Find the line containing "TINA SUPERFRIOLERA YAMAMOTO, LANÍ" in the entries below. Restate it and each line after it, word for word, up to and including the line containing "Monique singt ihren".
------ EXERCISE INPUT ------
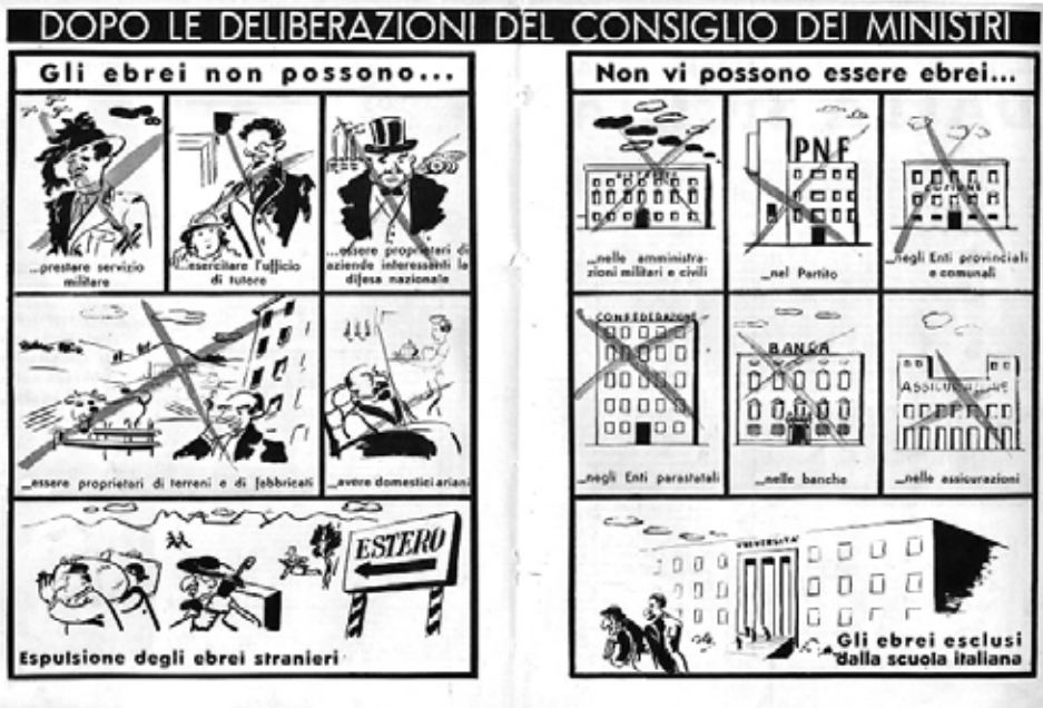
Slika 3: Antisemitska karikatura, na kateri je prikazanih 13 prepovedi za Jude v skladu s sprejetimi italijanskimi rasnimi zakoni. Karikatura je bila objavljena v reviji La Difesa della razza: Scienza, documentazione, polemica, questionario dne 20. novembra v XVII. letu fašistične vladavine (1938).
------
------ EXERCISE INPUT ------
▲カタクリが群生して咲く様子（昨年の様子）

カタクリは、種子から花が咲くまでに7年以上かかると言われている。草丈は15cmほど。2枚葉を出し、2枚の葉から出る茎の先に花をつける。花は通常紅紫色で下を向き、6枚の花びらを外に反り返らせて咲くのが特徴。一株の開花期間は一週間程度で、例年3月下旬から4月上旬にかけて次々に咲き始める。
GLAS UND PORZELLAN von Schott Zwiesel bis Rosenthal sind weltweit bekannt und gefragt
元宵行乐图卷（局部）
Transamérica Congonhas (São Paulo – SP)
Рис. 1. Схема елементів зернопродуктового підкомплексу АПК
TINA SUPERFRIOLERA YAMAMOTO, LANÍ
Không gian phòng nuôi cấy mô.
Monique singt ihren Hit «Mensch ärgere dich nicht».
------
------ EXERCISE INPUT ------
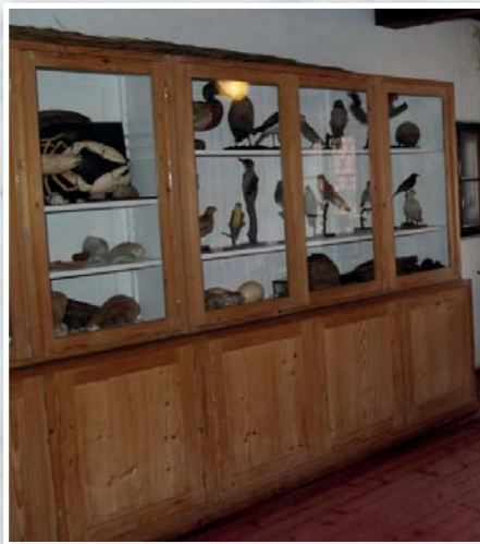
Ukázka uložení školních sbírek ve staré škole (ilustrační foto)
------
- REPLY TO THE TASK -
TINA SUPERFRIOLERA YAMAMOTO, LANÍ
Không gian phòng nuôi cấy mô.
Monique singt ihren Hit «Mensch ärgere dich nicht».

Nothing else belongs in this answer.